··· Records to process

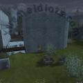 It's a medieval castle. Day version is larger than the night version and the flag positions change in each version.
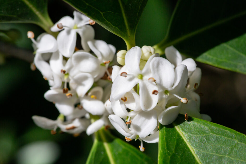 Osmanthus is a slow-growing evergreen shrub that produces tiny, almost invisible white flowers, but don’t be fooled. The scent is punchy and delicious, often compared to apricots or ripe peaches, and it lingers in the air surprisingly well. It’s tolerant of shade and works well as a background plant or low hedge. Since the blooms are so small, placing it near a path or doorway ensures the scent doesn’t go to waste. It’s an underrated gem that adds year-round value.
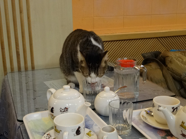 お客さんの水を勝手に飲んじゃう猫ちゃんもいて、かなり自由
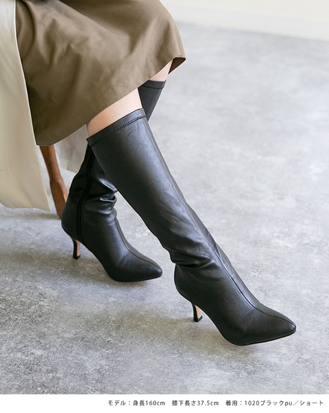商品名 : menue (メヌエ) 選べる筒丈 7cmヒール ストレッチ ロングブーツ
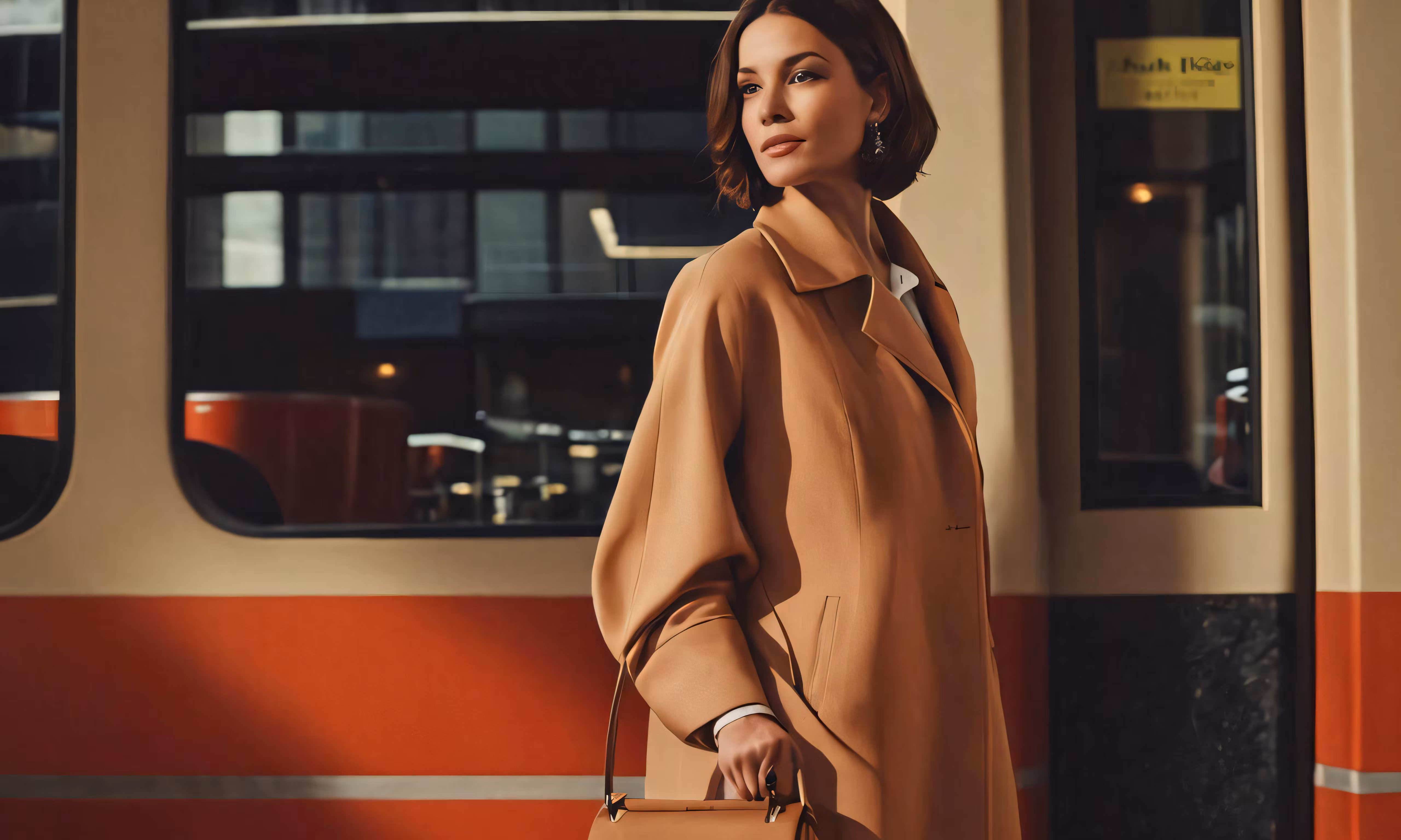 High resolution picture, free to use, woman with beige coat holding hand bag by subway
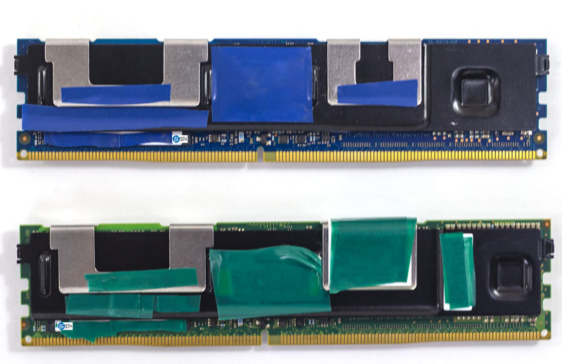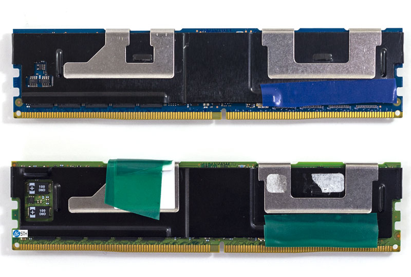 Here is a view of the blue PCB Intel Optane DC Persistent Memory DIMM along with the green Apache Pass module. You will see that we had to pull a firmware sticker to get front and back views. We also taped the green module in green electrical tape just to keep descriptions easy.
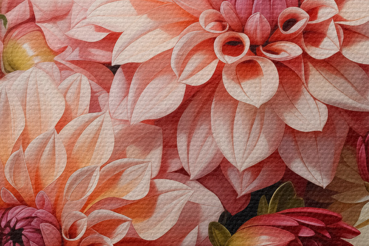 Trois types de matériaux peuvent être commandés : Economic Canvas - matériau dense et durable pour l'impression numérique, identique à la toile de peintre, surface imperméable, reproduction réaliste des détails, matériau à grain moyen. Premium Canvas - la texture ressemble à celle d'une toile de peintre (petits fils entrelacés). Reproduction douce et détaillée de l'image sur une surface mate. Eco-Premium - tissu 100 % coton de haute qualité. Grâce aux fibres naturelles de coton, le matériau est durable et résistant à l'usure. Excellente reproduction des couleurs et des détails.
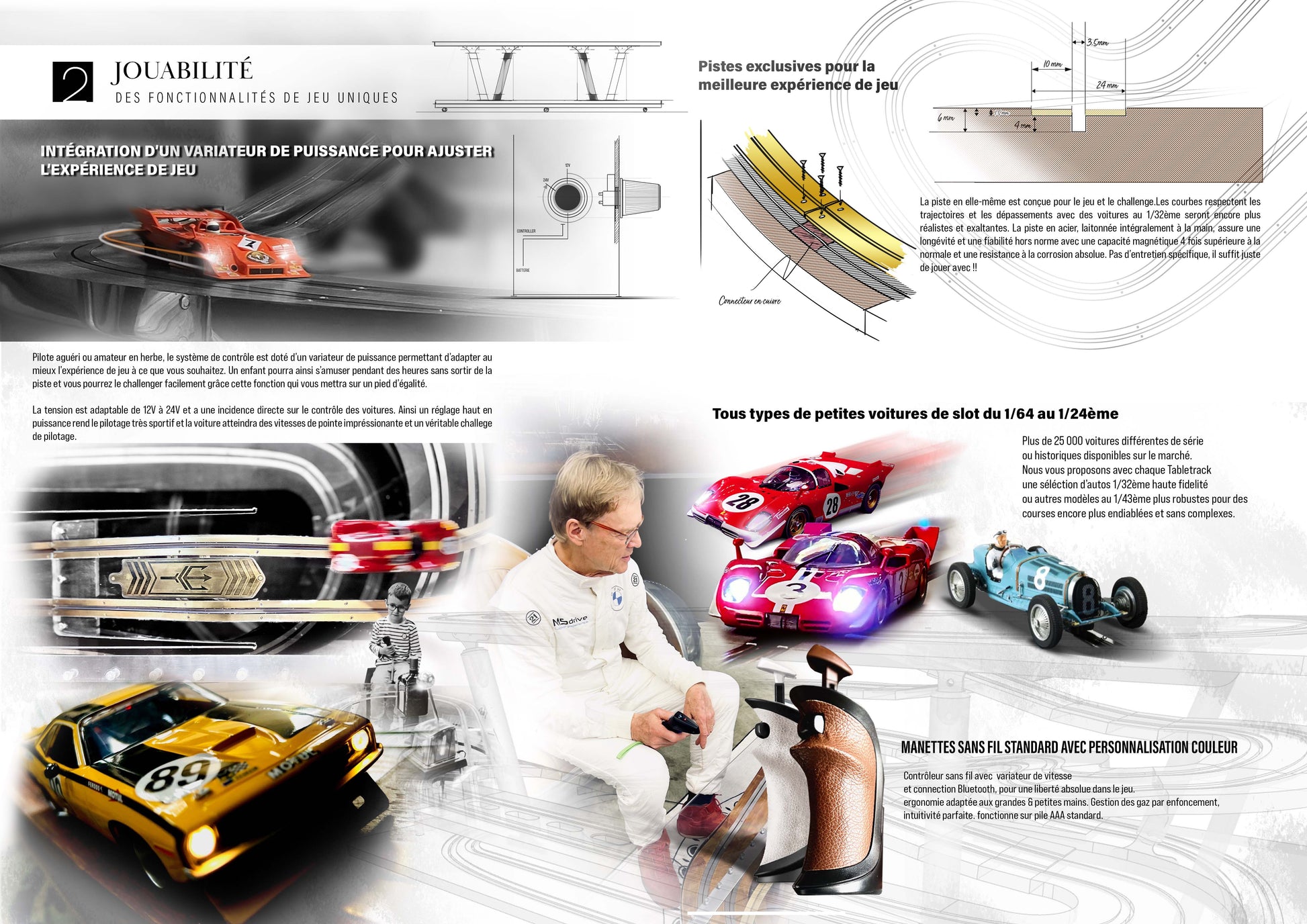 13 mètres de pistes intégralement laitonnées à chaud et alimentées par batterie lithium dernière génération.
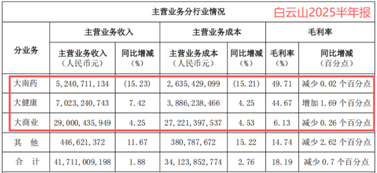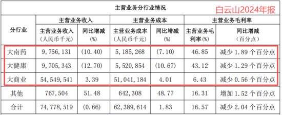 2024年以来,白云山的“三驾马车”中,大南药与大健康板块双双表现疲软。唯有利润微薄的大商业板块营收保持增长。然而,该板块增速不高且利润率低,难以扭转公司整体的盈利困境。
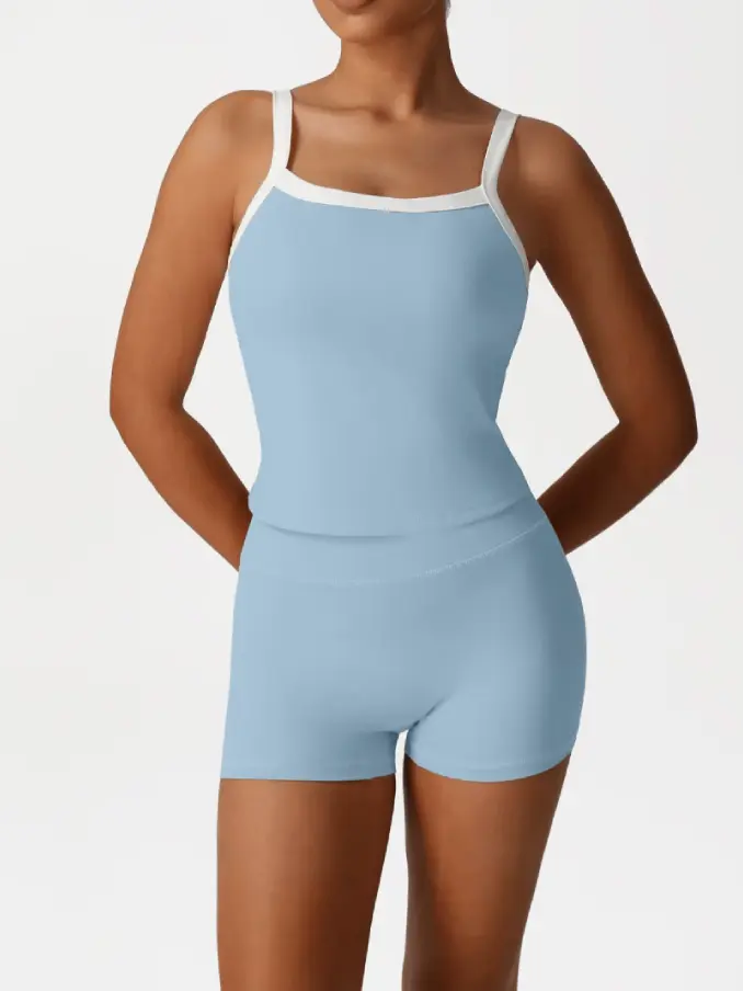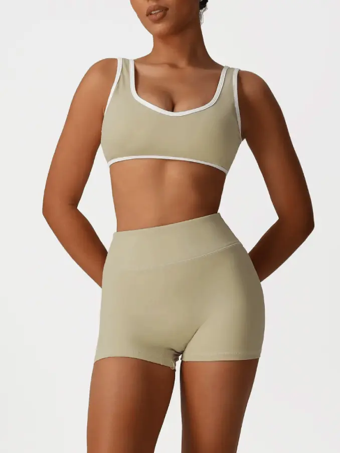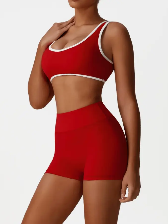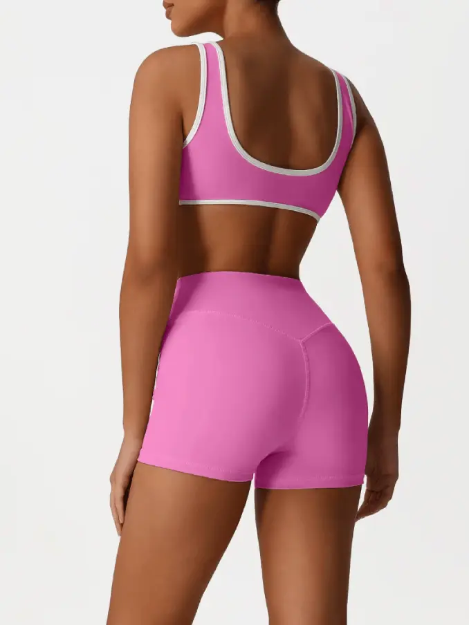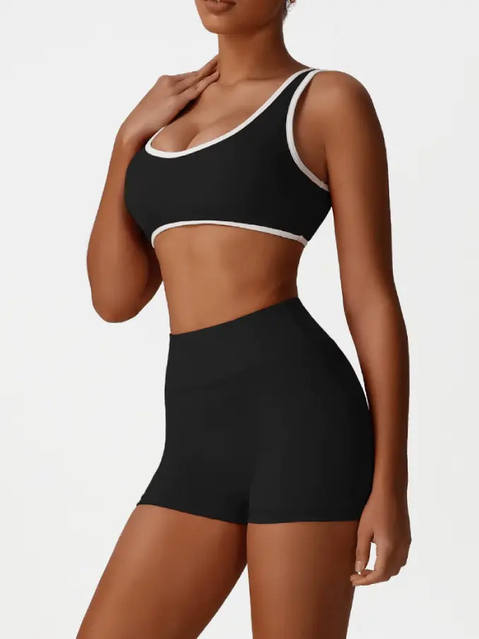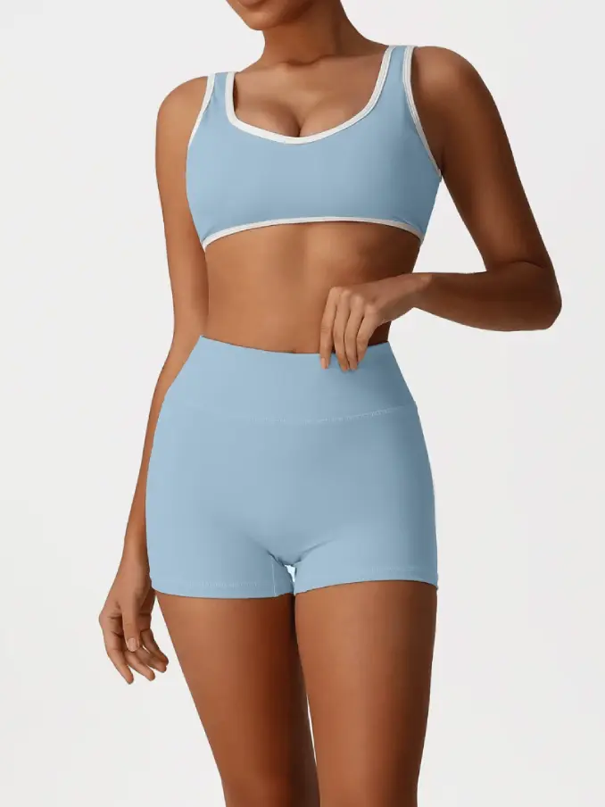High Stretchy Sport Workout 3 Piece Yoga Sets for Women Tummy-Control Color-Block Gym Sets Shorts and Sports Bra

······

> [Task description]:
Exact repetition of the data is needed, with no images retained.

> [Output of the exercise]:
 It's a medieval castle. Day version is larger than the night version and the flag positions change in each version.
 Osmanthus is a slow-growing evergreen shrub that produces tiny, almost invisible white flowers, but don’t be fooled. The scent is punchy and delicious, often compared to apricots or ripe peaches, and it lingers in the air surprisingly well. It’s tolerant of shade and works well as a background plant or low hedge. Since the blooms are so small, placing it near a path or doorway ensures the scent doesn’t go to waste. It’s an underrated gem that adds year-round value.
 お客さんの水を勝手に飲んじゃう猫ちゃんもいて、かなり自由
商品名 : menue (メヌエ) 選べる筒丈 7cmヒール ストレッチ ロングブーツ
 High resolution picture, free to use, woman with beige coat holding hand bag by subway
 Here is a view of the blue PCB Intel Optane DC Persistent Memory DIMM along with the green Apache Pass module. You will see that we had to pull a firmware sticker to get front and back views. We also taped the green module in green electrical tape just to keep descriptions easy.
 Trois types de matériaux peuvent être commandés : Economic Canvas - matériau dense et durable pour l'impression numérique, identique à la toile de peintre, surface imperméable, reproduction réaliste des détails, matériau à grain moyen. Premium Canvas - la texture ressemble à celle d'une toile de peintre (petits fils entrelacés). Reproduction douce et détaillée de l'image sur une surface mate. Eco-Premium - tissu 100 % coton de haute qualité. Grâce aux fibres naturelles de coton, le matériau est durable et résistant à l'usure. Excellente reproduction des couleurs et des détails.
 13 mètres de pistes intégralement laitonnées à chaud et alimentées par batterie lithium dernière génération.
 2024年以来,白云山的“三驾马车”中,大南药与大健康板块双双表现疲软。唯有利润微薄的大商业板块营收保持增长。然而,该板块增速不高且利润率低,难以扭转公司整体的盈利困境。
High Stretchy Sport Workout 3 Piece Yoga Sets for Women Tummy-Control Color-Block Gym Sets Shorts and Sports Bra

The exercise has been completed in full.